A Flexible Photovoltaic Fatigue Factor for Quantification of Mechanical Device Performance
Lulu Sun, Kenjiro Fukuda, Ruiqi Guo, Luigi A. Castriotta, Karen Forberich, Yinhua Zhou, Takao Someya, Christoph J. Brabec, Osbel AlmoraAbstract
Flexible emerging photovoltaic technologies, such as organic and perovskite photovoltaics, hold great potential for integration into tents, wearable electronics, and other portable applications. Recently, Fukuda et al. (2024) propose a bending test protocol for standardizing the mechanical performance characterization of flexible solar cells, focusing on 1% strain over 1 000 bending cycles. This marked an important step toward establishing consistency and good practices in the literature. However, even with this unified protocol, accurately comparing the mechanical flexibility of solar cells is hindered by the variated influence of parameters like thickness, bending radius, and power conversion efficiency (PCE) evolution during mechanical testing.
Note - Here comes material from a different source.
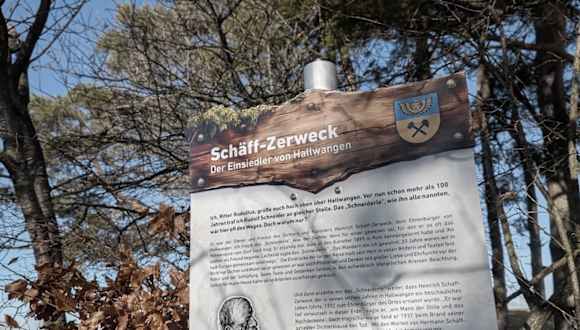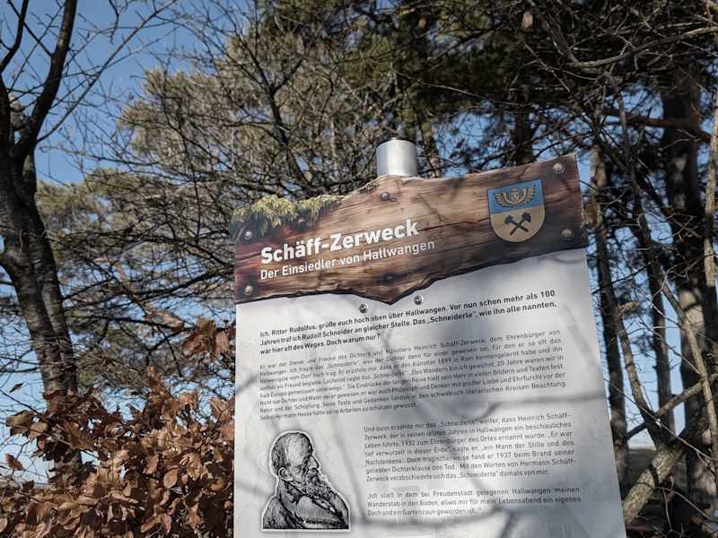 Etwas außerhalb von Hallwangen ist der Gedenkplatz für Heinrich Schäff-Zerweck. Dem Ehrenbürger der Ortschaft Hallwangen wurde hier ein Gedenkstein aufgestellt. Es ist ein beliebtes Wanderziel, führen doch hier verschiedene Wanderwege vorbei. Der Platz ist in einem Viereck mit großen Granitsteine ausgelegt. An der hinteren Seite steht der Gedenkstein. Adresse: Köpfle, 72280 Dornstetten Geodaten: FGJ4+V3, 72280 Dornstetten

Herein, a new figure of merit is introduced, the flexible photovoltaic fatigue factor (F), which integrates PCE retention, strain, and bending cycles into a cohesive framework. Guided by a detailed multilayer mechanical model, this metric enables more accurate strain analysis and promotes consistent reporting, paving the way for performance optimization in flexible photovoltaics.